22 Again, after that incident, the abuse continued unabated. In 2010, Beatrice went to Sydney for a short time to stay with some friends. On her return, you interrogated her about the people she had spent time with and you accused her of having had sex with a young man who was part of the family group that she was staying with. She denied that. You then engaged in an act of penile-vaginal penetration with her, ostensibly in order that she prove that she had not had sex with the young man. As a result of that act of sexual penetration, she became pregnant again. It was acknowledged by your counsel that it was this act of incest that resulted in Beatrice’s third pregnancy and that gives rise to Charge 3 of which the jury found you guilty. Once that pregnancy was confirmed, you directed Beatrice to have a termination. You rehearsed her in a story to tell, attributing responsibility to a boy still, like her, at school.. She went to see a GP on her own and then went to the clinic where the termination was to be performed on her own. She had no support during the termination.

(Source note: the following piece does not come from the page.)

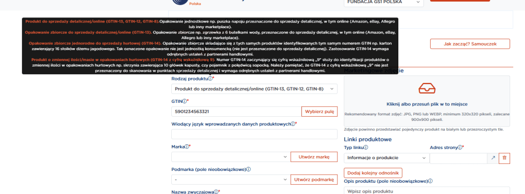 4. W polu Rodzaj produktu automatycznie ustawiony jest Produkt do sprzedaży detalicznej/online (GTIN-13, GTIN-12, GTIN-8). Nie musisz nic tu zmieniać:

Given the threats that you had previously made and the attack on her after she had revealed you as the true source of the first pregnancy, although this time she was older and she saw the doctors alone, she still did not reveal you as the cause of the pregnancy.

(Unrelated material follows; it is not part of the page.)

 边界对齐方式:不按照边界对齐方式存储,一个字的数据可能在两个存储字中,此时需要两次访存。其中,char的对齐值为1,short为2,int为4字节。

23 Mr Pearson acknowledged that, consistently with the jury verdict, it was open to find that it was you who was responsible for causing the pregnancy that resulted from this act of sexual penetration, that it was the third pregnancy that you had caused and that you had made sure that your daughter would have a termination of that pregnancy. This was her second termination before she was 18 years of age. He acknowledged that the fact that this act of sexual penetration resulted in pregnancy (and not for the first time), made this the most serious of the charges of which the jury found you guilty.

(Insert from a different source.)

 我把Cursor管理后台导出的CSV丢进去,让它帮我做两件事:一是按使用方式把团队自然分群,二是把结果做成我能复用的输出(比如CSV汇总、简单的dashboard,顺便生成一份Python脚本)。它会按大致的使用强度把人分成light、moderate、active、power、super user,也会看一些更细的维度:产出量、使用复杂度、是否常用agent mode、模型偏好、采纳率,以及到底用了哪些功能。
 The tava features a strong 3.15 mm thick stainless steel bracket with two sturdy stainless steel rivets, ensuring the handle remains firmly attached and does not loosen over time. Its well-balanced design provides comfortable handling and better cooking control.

24 The sexual abuse of Beatrice continued. When she turned 18, you took her to a nightclub. She had not previously drunk alcohol. You gave her several alcoholic drinks. She was visibly affected by them. So much so that you had to support her on the way home. When you arrived home, you took her to your bedroom, undressed her and, as she moved in and out of consciousness, engaged in an act of penile-vaginal penetration with her. It is this act of incest that gives rise to Charge 4, of which the jury found you guilty.
25 Mr Pearson submitted that it was not open to find that you had deliberately got your daughter drunk in order to have sex with her that night. He conceded that the fact that you knew that she was intoxicated and therefore more vulnerable is a relevant aggravating feature to take into account in respect of this charge. It is clearly so.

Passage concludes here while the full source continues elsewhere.